Our host Selcuk only needs 20 minutes from waking up until leaving for work. We had some tea with him, talked a little and then said good bye when he left. We were now alone with Selcuk’s parents whom we had no common language with. They were very nice people and at the breakfast table we got our first lesson in Turkish.
We pointed at things on the table such as tea, coffe, spoon, salt, tomatoes, cucumber, cheese and Wej took notes in her little notebook. When she had noted enough of breakfast related words, we took the lesson further and asked for road travel related words such as left, right, road, straight ahead, bridge, hill, intersection etc.
Getting to know the nouns was not difficult – we only needed to point, but when we tried to get into adjectives such as hungry, full, hot, cold the lesson turned into a game of charades. It was very funny indeed and all four of us laughed a lot.
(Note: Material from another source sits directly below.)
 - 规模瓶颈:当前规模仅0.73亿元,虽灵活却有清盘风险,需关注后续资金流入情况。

When it was time to leave Selcuks father jumped up on his motorbike and drove ahead of us to guide us through the city center to the road we planned to ride on.
Staying with Selcuk and his parents was really fun and interesting and we enjoy this kind of meetings very much and hope to get many more along our way.
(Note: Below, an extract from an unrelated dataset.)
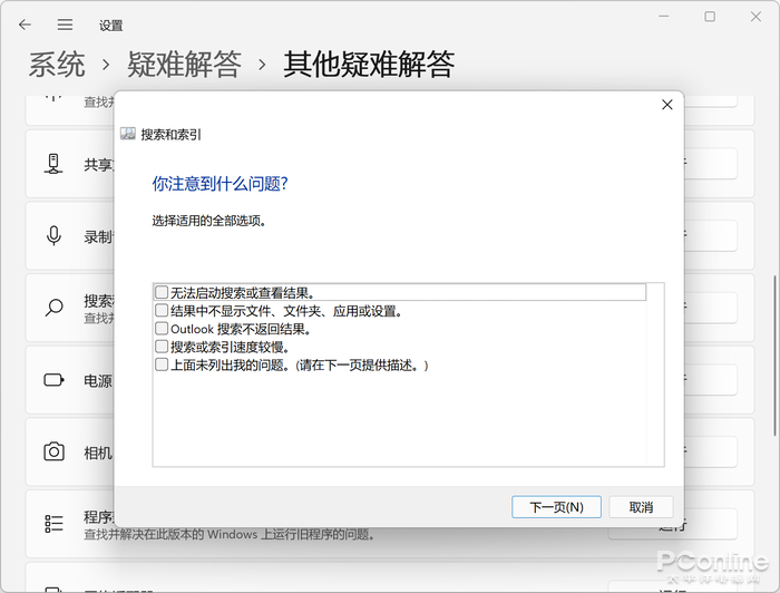运行“搜索和索引”的修复功能,系统会弹出一个窗口,自动检查问题所在。之后,该窗口会呈现你可能遇到的系统搜索相关的问题,例如无法启动搜索或查看结果等等,按照实际情况选择即可。

We would like to say a big big big THANK YOU to the Aslan family for your hospitality. We wish you all the best for the future and to Selcuk we’d like to say – Good luck with your plans to build that cottage. If you visit Sweden, please drop by our home.
Selcuk had adviced us to visit some places along the way. We didn’t have time to see them all so we chose a small Roman amfiteater that was discovered and excavated only 10 years ago. My knowledge of the history of the Roman empire definately needs to be refreshed so I’ll try to spend some time doing some googleing about it. Carrying a computer and access to internet makes it easy to catch up on things one have forgotten 🙂
In the afternoon we rode through small villages and a kids on the school yard shouted ”hello” and ”what’s your name”. Sometimes we stopped to have a word with them and other times we waved and ride through. Apparently not so many tourists visit that area.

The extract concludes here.